OpenAI maintains dedicated cybersecurity monitoring, detects and blocks suspicious activities, and prepares additional mitigations as capabilities evolve. Although GPT-5.1-Codex-Max is the most capable cybersecurity model deployed so far, under their internal framework it doesn't reach the High category — so extra safeguards are being strengthened.
Important: treat the agent as an extra reviewer, not a replacement for human judgment. Check terminal logs, tool calls and test results before applying changes to production.
Impact for developers and companies
OpenAI reports that internally 95% of their engineers use Codex weekly and that adoption increases pull request delivery pace by about 70% for those who use it. The better token efficiency and the ability to keep working over long periods make complex tasks more manageable and more economical.

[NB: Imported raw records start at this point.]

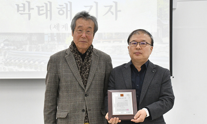 세계일보 박태해 선임기자가 한글학회 부설 한말글문화협회(대포 리대로)가 주는 ‘한글을 빛낸 큰 별’을 수상했다. 박 선임기자는 13일 서울 종로구 신문로 한글회관에서 열린 한말글문화협회 주최 ‘2025 한말글사랑 이야기 마당 행사’에서 언론인으로서 수년간 우리나라의 자랑스러운 문화유산인 한글 사랑을 실천하고 한글단체의 활동을 널리 알리는 데 기여한 공로로 이 상을 받게 됐다.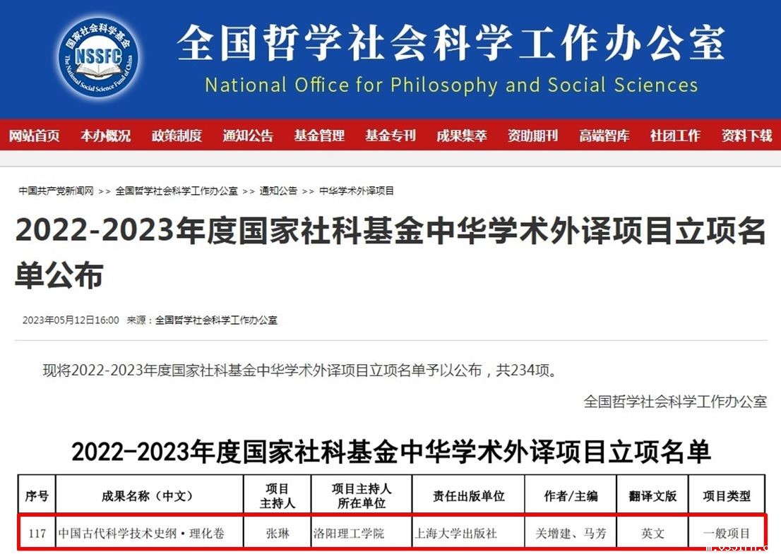 近日获得喜讯,全国哲学社会科学工作办公室公布了2022-2023年度国家社科基金中华学术外译项目立项名单,我院副院长张琳副教授主持申报的《中国古代科学技术史纲·理化卷》英文翻译项目获批立项,这是我院在国家社科基金项目上零的突破,也是我校首次获批此类国家社科基金项目。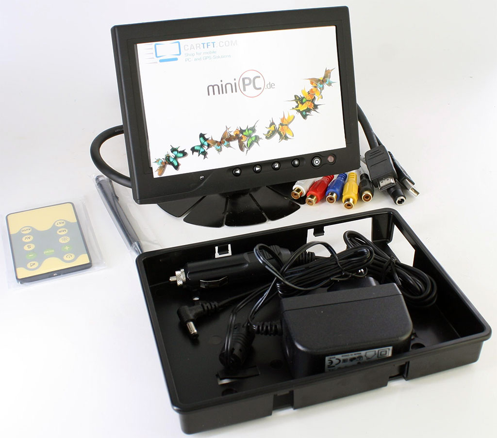 AC-Adapter for home usage and a car cigarette lighter adapter is included as well as the IR-remote-control unit and the extra long (2,5 meters) All-In-One connector cable.

If you're a developer, think of GPT-5.1-Codex-Max as a partner that holds long contexts, suggests global refactors and automates iterations — but one that needs human supervision before production deploys.
Practical reflection
Is it worth trying now? If you work on large projects, refactors or automations that today break due to context limits, yes. If your priority is privacy or you have flows that depend on a restricted network, keep the sandbox settings and audit the agent's outputs.
The arrival of GPT-5.1-Codex-Max is a clear step toward AI tools that can collaborate for hours on real problems. Will you give it a place in your workflow to speed up refactors and reviews, or use it only as an occasional assistant? Either way, remember to supervise and validate before you deploy.